IP-2022-000020 - [2023] EWHC 1303 (IPEC)
Intellectual Property Enterprise Court

IP-2022-000020 - [2023] EWHC 1303 (IPEC)

Fecha: 02-Jun-2023

Analysis

Analysis

36.

The Claimant’s case on infringement had two main limbs. The first was to compare what appear to be its current commercial products (and which may be made to the second version of the BKS-001 design discussed above) with the Defendant’s products. The problem with this is that it is not the right comparison to make. The Claimant should have used its first BKS-001 design for the purposes of comparison.

37.

The second was an allegation that the text of the First Defendant’s eBay advertisement for its cargo trousers dated August 12, 2021, and in particular the list of specific features, was copied from a pre-existing listing page of pricedrop247 (a licensee of the Claimant) advertising the Claimant’s work trousers.

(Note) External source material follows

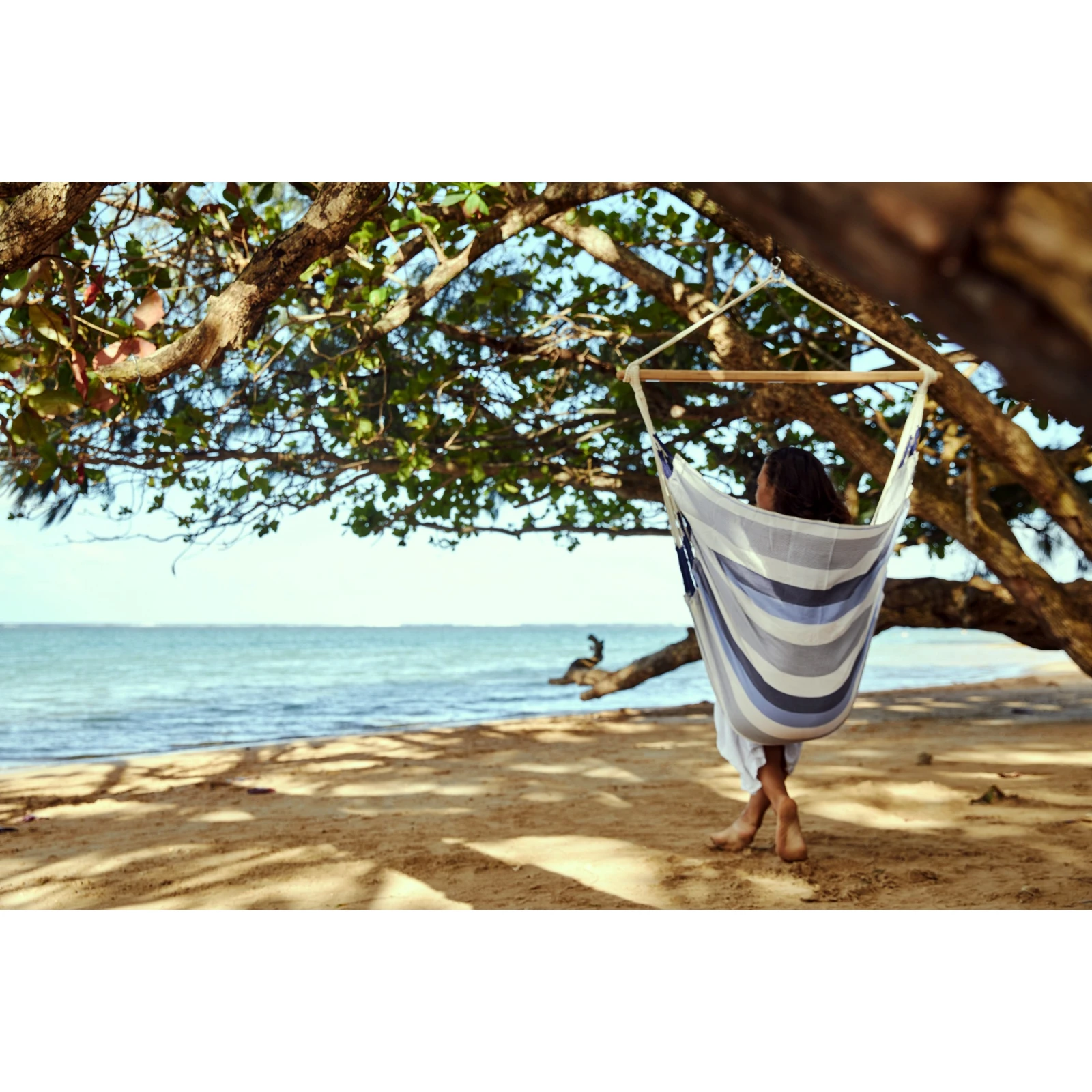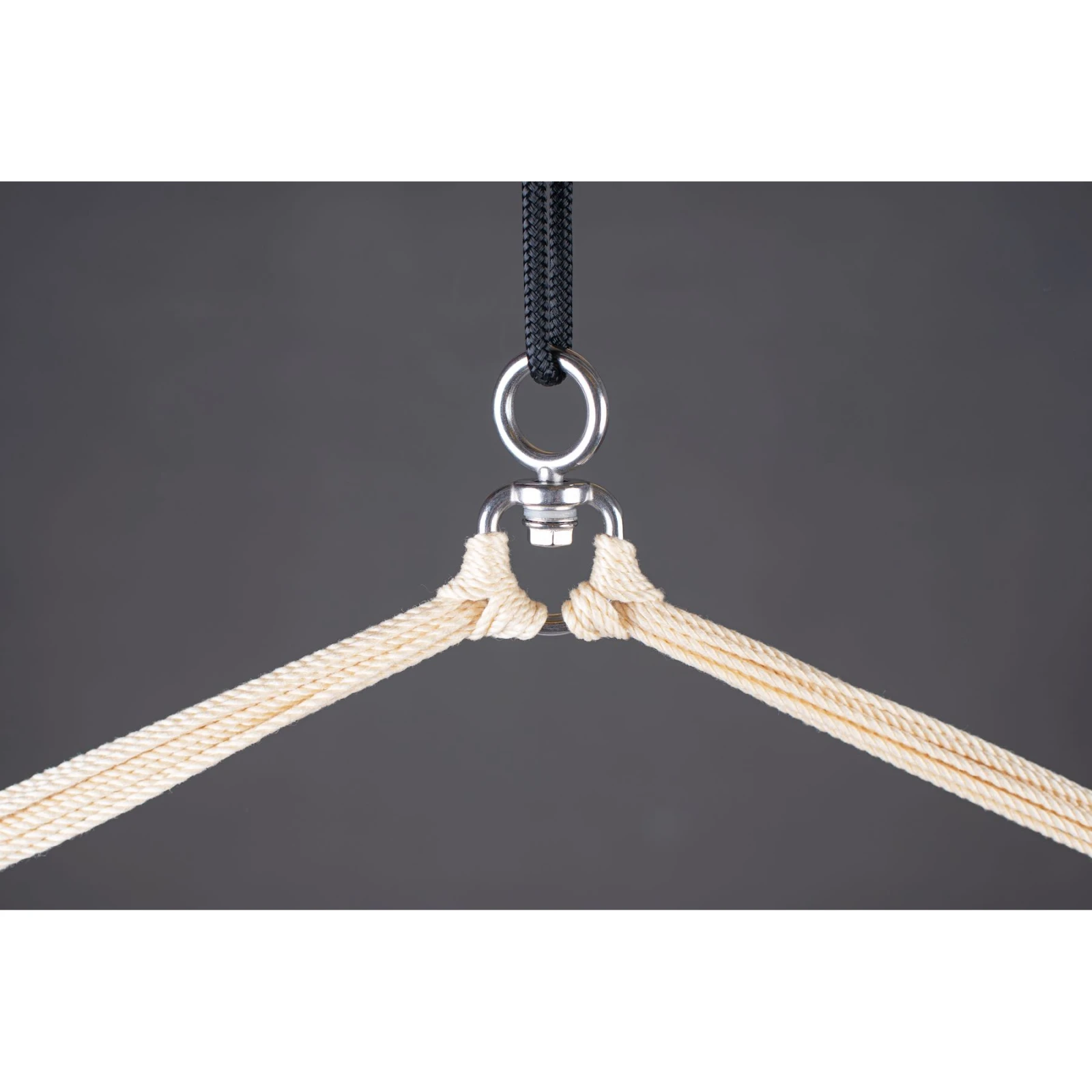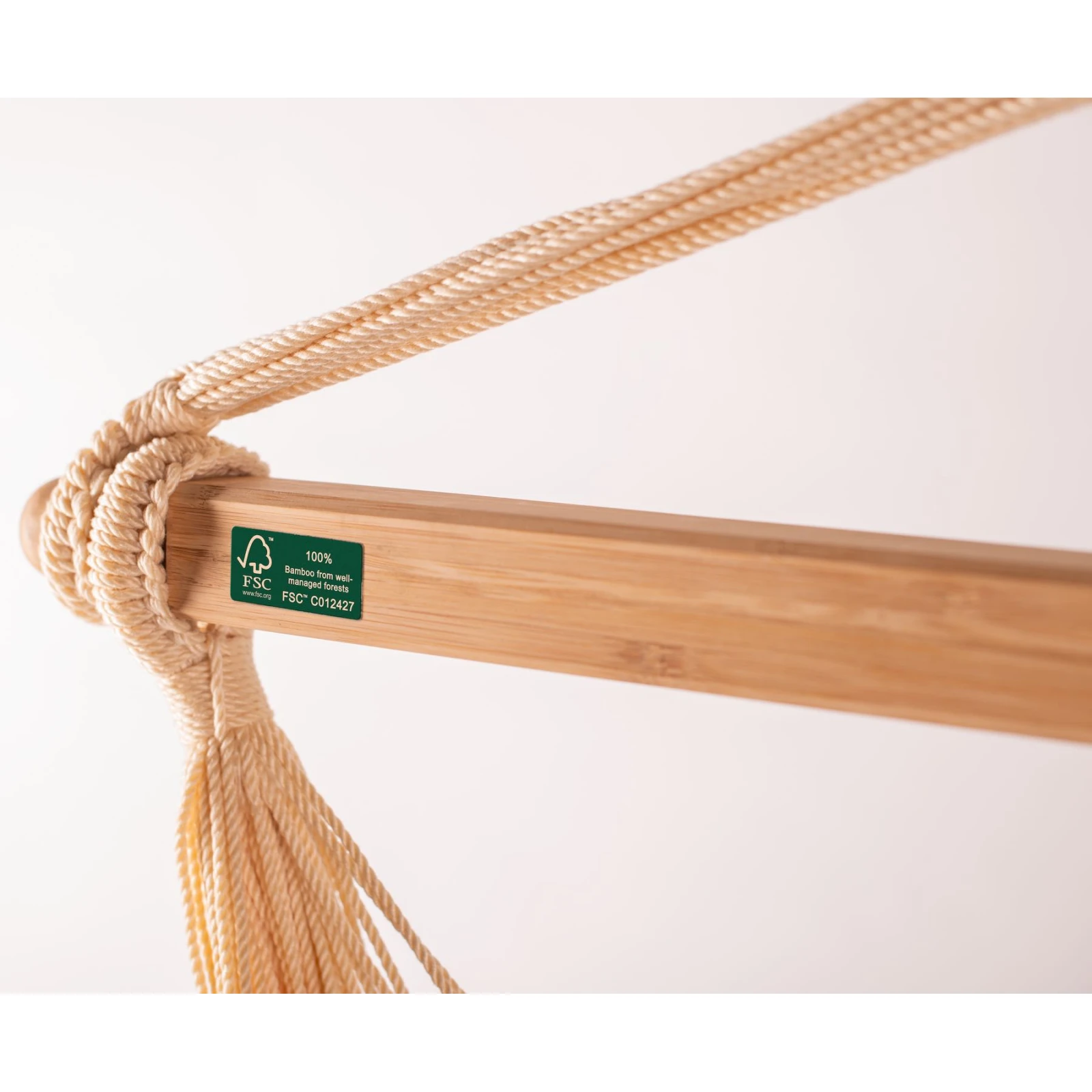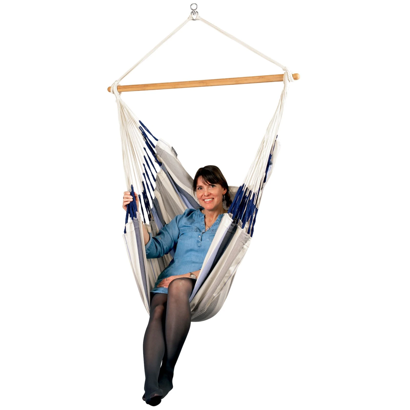 Der Sitz verfügt zusätzlich über einen Spreizstab aus hochwertigem Bambusholz aus nachhaltiger FSC®Bewirtschaftung. Zudem verfügt das Holz dank spezieller Verarbeitungstechnik über eine angenehm glatte Oberfläche und eine hohe Widerstandsfähigkeit gegenüber Witterungseinflüssen. Der integrierte Wirbel mit 360°-Drehung sorgt für eine bequeme und sichere Drehung um die eigene Achse, ohne dass sich die Aufhängeschnüre kreuzen. Die Gesamtbelastbarkeit beträgt bis zu 130 kg.

I agree with the Claimant that this text was copied. There are just too many similarities in the arrangement and order of the words, plus the placing of full stops and capital letters, for these similarities to be due to coincidence.

38.

Mr Kader was noticeably reluctant to answer Counsel’s question as to whether he believed these similarities to be coincidence. The substance of the question had to be put a considerable number of times before he finally said “it is probably coincidence”. I found his use of the word “probably” odd. Later, and for no obvious reason, Mr Kader went out of his way to mention a policy on eBay whereby any seller could use anybody’s listings but then went on to say that he had not in fact done that. I found it odd that he specifically wanted to mention this if it was irrelevant to anything he had done.

39.

The combination of matters set out above meant that I did not believe Mr Kader’s denials. I find that he copied the text in question. Counsel for the Defendants sought in closing to explain away Mr Kader’s position by taking me to fresh evidence but I must take Mr Kader’s evidence as it was and not as the Defendants would like it to have been.

40.

It might be thought that once I have found that Mr Kader copied the text relating to the Claimant’s product, the Claimant must win on infringement of design right. This is wrong for two reasons. First, these are completely different legal and factual issues. Copyright is not even claimed in the relevant text. Secondly, the Claimant has already lost on the issue of originality. If and insofar as Mr Kader ever asked S&S Swimwear to copy a second version of the BKS-001 design (as to which I make no findings, but which was effectively the case put by the Claimant) then such is irrelevant.

41.

Furthermore the Claimant also loses on the territoriality point. The Defendants’ products were made by S&S Swimwear in Bangladesh, and the only potential authorisation to do anything was an authorisation to make those products in Bangladesh. Hence it does not matter whether or not the products appeared in a pre-existing S&S Swimwear catalogue (although no such catalogue was ever shown to me) or if they were overruns from products which S&S Swimwear had made for other customers (as Mr Kader said for the first time in his cross-examination).

42.

The Defendants made submissions about how if (contrary to their case) the first version of the BKS-001 design was original then none of their trousers were made to that design anyway. It is not necessary to consider these submissions.

43.

The upshot is that none of the Defendants’ sample products infringe.